Bass, who has long represented the historically Black and increasingly Latino neighborhoods of South L.A., is hoping to become the second Black mayor of Los Angeles after Tom Bradley, who held the post from 1973 to 1993.

But this is 2022.

“When Tom Bradley ran for mayor, Black politics in L.A. was all new,” said Dermot Givens, a longtime political consultant and attorney.

Not all of his Black supporters liked one another, but, along with a strong base of liberal white voters, Bradley “had everybody because they wanted to have the opportunity to get a Black mayor,” Givens said. “[With] Karen running, it’s quite obvious that she doesn’t have everybody.”

According to the last poll from the UC Berkeley Institute of Governmental Studies and The Times, Bass had the support of merely about half of likely Black voters surveyed, plus 40% of white liberals.

Black voters make up just under 1 in 10 of the city’s likely voters, while white liberals — among the largest blocs of voters in the city — make up about 3 in 10.
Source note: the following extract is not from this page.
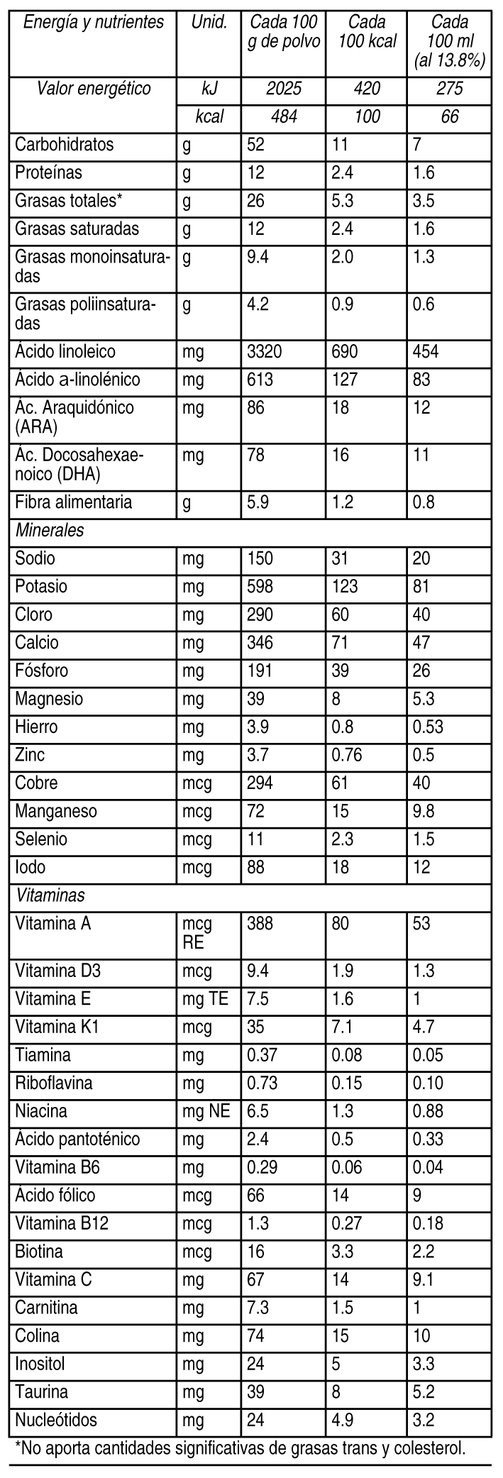 COMPOSICION: Ver Tabla Contiene: Concentrado Hidrolizado de Proteínas de Suero, Maltodextrina, Aceites Vegetales (Aceites de: Palma, Canola, Coco, Girasol), Aceite de Células Simples (ARA), Fibra Alimentaria (Galacto-Oligosacáridos, Fructo-Oligosacáridos), Mono y Diglicéridos Esterificados con Acido Cítrico, Fosfato Tricálcico, Aceite de Pescado, Cloruro de Potasio, Citrato Trisódico, Cloruro de Magnesio, Carbonato de Calcio, Cloruro de Colina, Acido L-Ascórbico, Taurina, L-Ascorbato de Sodio, Sulfato Ferroso, Inositol, Sulfato de Zinc, Nucleótidos (Uridina, Citidina, Adenosina, Inosina, Guanosina), Acetato de DL Alfa Tocoferol, L-Carnitina, Nicotinamida, D-Pantotenato de Calcio, Biotina, Sulfato Cúprico, Acido Fólico, Palmitato de Retinol, DL-Alfa Tocoferol, Cianocobalamina, Hidroclorhidrato de Tiamina, Riboflavina, Colecalciferol, Hidroclorhidrato de Piridoxina, Sulfato de Manganeso, Ioduro de Potasio, Fitomenadiona, Selenito de Sodio. Contiene derivados de Leche y Pescado. DESCRIPCIONES: Alimento para propósitos médicos específicos con proteínas de suero parcialmente hidrolizadas, con ácidos grasos poliinsaturados de cadena larga, para lactantes. Libre de gluten. ACCION: La fórmula para el tratamiento de la alergia a la proteína de leche de vaca. Fórmula láctea para propósitos médicos específicos, tratamiento APLV leve. INDICACIONES: Para el tratamiento de la alergia a la proteína de la leche de vaca con síntomas leves o moderados, excluyendo los gastrointestinales en lactantes desde el nacimiento. DOSIS: Dilución: 13.8%. Medida al ras: 4.5 g. PRESENTACIONES: Lata herméticamente sellada conteniendo 400 g de polvo, con sistema easy-open y tapa plástica de seguridad. |

“It’s critically important to have a very diverse coalition — racially diverse, ideologically diverse, geographically diverse,” Bass told me. “It is very important to me because it’s consistent with how I have led my life.”

If anything, this mayoral race is shaping up to be defined by money more than anything else. Which is fitting for a city increasingly defined by haves and have nots, by extreme wealth and extreme poverty.

Most polls predict that Bass and Caruso will be the ones who make it through next month’s primary to face off in November.

The coming bombardment of advertising dollars, with attack ad after televised attack ad trying to undermine Bass and, by extension, boost Caruso, will only magnify the dynamics of the mayoral race.

It’ll be the rich and the powerful versus the not-so-rich, the poor and the powerless.

On one side, there will be tough-on-crime Caruso, who has spent nearly $30 million on his own campaign, and the police union, through its PAC, spending freely to go to bat for him.

On the other side, there will be coalition-builder Bass, positioned as the defender of everyone else.

“If it’s between her and Rick Caruso,” Abdullah told me, no doubt echoing the predilections of many progressives worried about L.A.’s have nots, “I will not vote for Rick Caruso.”

Nothing like dropping a few million dollars on advertising to remind everyone why.